BGH, Beschl. v. 16.6.2021 – XII ZB 358/20

Die Beschwerdefrist gegen eine nicht dem erklärten Willen des Betroffenen entsprechende Unterbringungsgenehmigung wird nicht in Gang gesetzt, wenn der Beschluss dem Betroffenen lediglich durch Aufgabe zur Post bekanntgegeben wird. Eine Heilung der fehlerhaften Zustellung durch tatsächlichen Zugang ist in diesem Fall wegen fehlenden Zustellungswillens des Gerichts nicht möglich (Anschluss an Senatsbeschl. v. 19.2.2020 – XII ZB 291/19, FamRZ 2020, 770 und v. 24.10.2018 – XII ZB 188/18, FamRZ 2019, 477).

BGH, Beschl. v. 12.5.2021 – XII ZB 109/21

Zieht das Beschwerdegericht in einer Unterbringungssache für seine Entscheidung mit einem neuen oder ergänzenden Sachverständigengutachten eine neue Tatsachengrundlage heran, die nach der amtsgerichtlichen Anhörung datiert, so ist eine erneute Anhörung des Betroffenen geboten (im Anschluss an Senatsbeschl. v. 7.12.2016 – XII ZB 32/16, FamRZ 2017, 477).

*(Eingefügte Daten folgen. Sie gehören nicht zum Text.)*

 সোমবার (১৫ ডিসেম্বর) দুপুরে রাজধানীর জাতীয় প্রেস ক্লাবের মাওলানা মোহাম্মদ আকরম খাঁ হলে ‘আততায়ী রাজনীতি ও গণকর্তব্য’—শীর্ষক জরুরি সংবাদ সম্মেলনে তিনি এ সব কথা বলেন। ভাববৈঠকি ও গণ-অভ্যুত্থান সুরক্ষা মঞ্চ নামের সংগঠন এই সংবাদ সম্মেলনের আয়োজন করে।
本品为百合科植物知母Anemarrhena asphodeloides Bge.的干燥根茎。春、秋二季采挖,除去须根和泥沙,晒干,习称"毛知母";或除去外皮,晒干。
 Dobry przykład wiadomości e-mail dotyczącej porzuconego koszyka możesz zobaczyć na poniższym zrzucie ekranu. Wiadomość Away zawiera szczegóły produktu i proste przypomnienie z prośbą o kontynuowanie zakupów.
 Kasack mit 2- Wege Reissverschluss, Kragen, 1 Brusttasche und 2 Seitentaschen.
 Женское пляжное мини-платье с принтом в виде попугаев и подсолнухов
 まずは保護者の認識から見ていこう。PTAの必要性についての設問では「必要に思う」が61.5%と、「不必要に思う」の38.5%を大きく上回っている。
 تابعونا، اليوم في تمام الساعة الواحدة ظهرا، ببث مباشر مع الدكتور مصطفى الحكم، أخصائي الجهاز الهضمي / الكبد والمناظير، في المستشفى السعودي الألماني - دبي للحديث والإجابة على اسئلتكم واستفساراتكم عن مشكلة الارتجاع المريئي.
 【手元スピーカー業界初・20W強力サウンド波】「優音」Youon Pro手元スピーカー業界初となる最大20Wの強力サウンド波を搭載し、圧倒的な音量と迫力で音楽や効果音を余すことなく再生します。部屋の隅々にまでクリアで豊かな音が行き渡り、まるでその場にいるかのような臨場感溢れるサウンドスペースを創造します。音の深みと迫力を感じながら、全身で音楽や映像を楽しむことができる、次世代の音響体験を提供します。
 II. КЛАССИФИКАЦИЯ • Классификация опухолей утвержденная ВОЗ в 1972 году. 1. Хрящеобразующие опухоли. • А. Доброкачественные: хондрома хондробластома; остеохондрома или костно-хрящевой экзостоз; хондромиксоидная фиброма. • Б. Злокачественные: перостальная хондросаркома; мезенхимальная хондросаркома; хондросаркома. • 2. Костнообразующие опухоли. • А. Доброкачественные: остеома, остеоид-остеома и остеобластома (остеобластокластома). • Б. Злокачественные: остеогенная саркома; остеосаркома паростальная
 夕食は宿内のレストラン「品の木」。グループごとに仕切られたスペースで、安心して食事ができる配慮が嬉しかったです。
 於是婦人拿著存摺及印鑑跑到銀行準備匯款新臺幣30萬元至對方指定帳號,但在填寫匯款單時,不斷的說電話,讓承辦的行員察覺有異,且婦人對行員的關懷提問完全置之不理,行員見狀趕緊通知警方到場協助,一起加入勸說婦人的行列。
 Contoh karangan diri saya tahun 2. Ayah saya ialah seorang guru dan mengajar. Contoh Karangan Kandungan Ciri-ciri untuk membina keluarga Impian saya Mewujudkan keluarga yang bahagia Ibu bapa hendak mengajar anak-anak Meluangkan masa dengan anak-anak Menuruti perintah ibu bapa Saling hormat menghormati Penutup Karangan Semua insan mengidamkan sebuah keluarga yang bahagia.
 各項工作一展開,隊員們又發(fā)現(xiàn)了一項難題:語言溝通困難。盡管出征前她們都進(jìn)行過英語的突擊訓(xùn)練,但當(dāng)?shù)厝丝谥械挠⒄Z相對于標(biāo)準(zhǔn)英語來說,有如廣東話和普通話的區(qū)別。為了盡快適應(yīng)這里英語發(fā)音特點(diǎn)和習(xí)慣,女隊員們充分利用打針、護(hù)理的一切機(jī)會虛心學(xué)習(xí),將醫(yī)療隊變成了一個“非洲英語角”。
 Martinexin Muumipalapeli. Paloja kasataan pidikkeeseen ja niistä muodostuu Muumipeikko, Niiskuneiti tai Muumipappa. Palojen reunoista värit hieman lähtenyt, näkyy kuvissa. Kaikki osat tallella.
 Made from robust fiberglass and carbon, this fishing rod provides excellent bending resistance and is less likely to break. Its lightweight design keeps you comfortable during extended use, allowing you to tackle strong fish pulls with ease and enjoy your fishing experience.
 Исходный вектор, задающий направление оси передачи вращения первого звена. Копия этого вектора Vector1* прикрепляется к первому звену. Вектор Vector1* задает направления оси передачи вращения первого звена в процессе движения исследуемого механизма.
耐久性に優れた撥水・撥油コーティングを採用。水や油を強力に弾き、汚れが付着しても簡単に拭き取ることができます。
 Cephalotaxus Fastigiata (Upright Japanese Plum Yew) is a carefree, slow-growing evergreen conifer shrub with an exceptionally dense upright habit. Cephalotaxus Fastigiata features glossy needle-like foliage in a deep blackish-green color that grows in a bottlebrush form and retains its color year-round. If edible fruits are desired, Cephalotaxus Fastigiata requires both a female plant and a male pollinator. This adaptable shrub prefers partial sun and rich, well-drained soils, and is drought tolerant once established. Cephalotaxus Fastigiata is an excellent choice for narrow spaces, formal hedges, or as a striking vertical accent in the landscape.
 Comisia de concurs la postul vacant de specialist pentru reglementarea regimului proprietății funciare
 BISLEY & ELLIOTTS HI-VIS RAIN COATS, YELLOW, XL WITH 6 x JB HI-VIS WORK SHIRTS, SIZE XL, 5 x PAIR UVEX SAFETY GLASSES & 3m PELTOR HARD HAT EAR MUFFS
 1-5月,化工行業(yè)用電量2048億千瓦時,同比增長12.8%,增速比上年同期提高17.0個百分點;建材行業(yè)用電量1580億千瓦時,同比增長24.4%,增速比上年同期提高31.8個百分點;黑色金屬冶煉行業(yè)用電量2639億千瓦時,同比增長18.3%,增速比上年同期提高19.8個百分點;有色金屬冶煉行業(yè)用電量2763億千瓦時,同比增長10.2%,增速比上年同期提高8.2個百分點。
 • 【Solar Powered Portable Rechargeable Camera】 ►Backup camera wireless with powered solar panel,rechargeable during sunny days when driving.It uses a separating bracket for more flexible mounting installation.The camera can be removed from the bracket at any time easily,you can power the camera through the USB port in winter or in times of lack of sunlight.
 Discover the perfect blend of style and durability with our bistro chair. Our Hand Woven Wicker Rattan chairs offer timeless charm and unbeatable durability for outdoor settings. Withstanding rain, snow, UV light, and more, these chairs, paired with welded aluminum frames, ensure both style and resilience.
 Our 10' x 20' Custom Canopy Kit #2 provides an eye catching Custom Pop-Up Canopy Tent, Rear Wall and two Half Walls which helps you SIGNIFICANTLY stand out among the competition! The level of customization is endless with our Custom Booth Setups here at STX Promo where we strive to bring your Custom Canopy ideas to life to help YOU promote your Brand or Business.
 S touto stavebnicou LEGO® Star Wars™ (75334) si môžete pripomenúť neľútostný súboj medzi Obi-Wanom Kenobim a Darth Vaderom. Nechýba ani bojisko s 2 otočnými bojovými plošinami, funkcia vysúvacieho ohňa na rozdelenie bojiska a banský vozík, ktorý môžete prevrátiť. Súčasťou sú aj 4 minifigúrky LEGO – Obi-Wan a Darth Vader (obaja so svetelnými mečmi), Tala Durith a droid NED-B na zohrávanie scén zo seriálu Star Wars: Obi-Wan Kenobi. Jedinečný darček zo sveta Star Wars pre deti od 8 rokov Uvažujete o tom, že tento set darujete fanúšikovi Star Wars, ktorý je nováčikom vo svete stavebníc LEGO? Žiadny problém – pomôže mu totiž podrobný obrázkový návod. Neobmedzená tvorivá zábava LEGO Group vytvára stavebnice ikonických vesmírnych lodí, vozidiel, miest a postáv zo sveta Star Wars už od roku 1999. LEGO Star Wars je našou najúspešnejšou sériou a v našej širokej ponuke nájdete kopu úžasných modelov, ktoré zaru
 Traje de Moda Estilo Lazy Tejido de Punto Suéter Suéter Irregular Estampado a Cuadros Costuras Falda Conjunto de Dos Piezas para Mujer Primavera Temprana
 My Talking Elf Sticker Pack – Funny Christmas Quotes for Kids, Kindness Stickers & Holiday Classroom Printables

BGH, Beschl. v. 12.5.2021 – XII ZB 505/20

Eine öffentlich-rechtliche Unterbringung nach Art. 5 Abs. 1 S. 1 BayPsychKHG setzt in verfassungskonformer Auslegung der Vorschrift voraus, dass die freie Willensbestimmung des Betroffenen aufgehoben ist.

BGH, Beschl. v. 16.6.2021 – XII ZB 554/20

a) Ein in § 303 Abs. 2 Nr. 1 FamFG genannter naher Angehöriger des Betroffenen kann – sofern er in erster Instanz am Verfahren beteiligt war – gegen einen in der Beschwerdeinstanz abgeänderten Betreuungsbeschluss im Interesse des Betroffenen eine Rechtsbeschwerde im eigenen Namen führen, ohne dass er eine Erstbeschwerde eingelegt hatte und durch die Beschwerdeentscheidung formell beschwert ist (im Anschl. an Senatsbeschl. v. 14.10.2020 – XII ZB 91/20, FamRZ 2021, 228).

b) Zur Erforderlichkeit einer Betreuung bei Vorliegen einer Vorsorgevollmacht.

BVerfG, Beschl. des Zweiten Senats v. 8.6.2021 – 2 BvR 1866/17 – 2 BvR 1314/18

1. Staatliche Schutzpflichten aus Art. 2 Abs. 2 S. 1 und 2 GG gegenüber einer untergebrachten Person können eine Zwangsbehandlung nicht rechtfertigen, wenn diese die in Rede stehende Behandlung im Zustand der Einsichtsfähigkeit durch eine Patientenverfügung wirksam ausgeschlossen hat.

2. Der Vorrang individueller Selbstbestimmung auf der Grundlage des allgemeinen Persönlichkeitsrechts setzt voraus, dass der Betroffene seine Entscheidung mit freiem Willen und im Bewusstsein über ihre Reichweite getroffen hat. Seine Erklärung ist daraufhin auszulegen, ob sie hinreichend bestimmt und die konkrete Behandlungs- und Lebenssituation von ihrer Reichweite umfasst ist.

3. Die staatliche Pflicht zum Schutz der Grundrechte anderer Personen, die mit dem Betroffenen in der Einrichtung des Maßregelvollzugs in Kontakt treten, bleibt unberührt. Die autonome Willensentscheidung des Patienten kann nur so weit reichen, wie seine eigenen Rechte betroffen sind. Über Rechte anderer Personen kann er nicht disponieren.

3. Sieht der Gesetzgeber die Maßnahme einer Zwangsbehandlung derjenigen Person vor, von der die Gefährdung anderer ausgeht, so ist er dabei an den Grundsatz strikter Verhältnismäßigkeit gebunden. Strenge materielle und verfahrensrechtliche Anforderungen müssen sicherstellen, dass die betroffenen Freiheitsrechte nicht mehr als unabdingbar beeinträchtigt werden.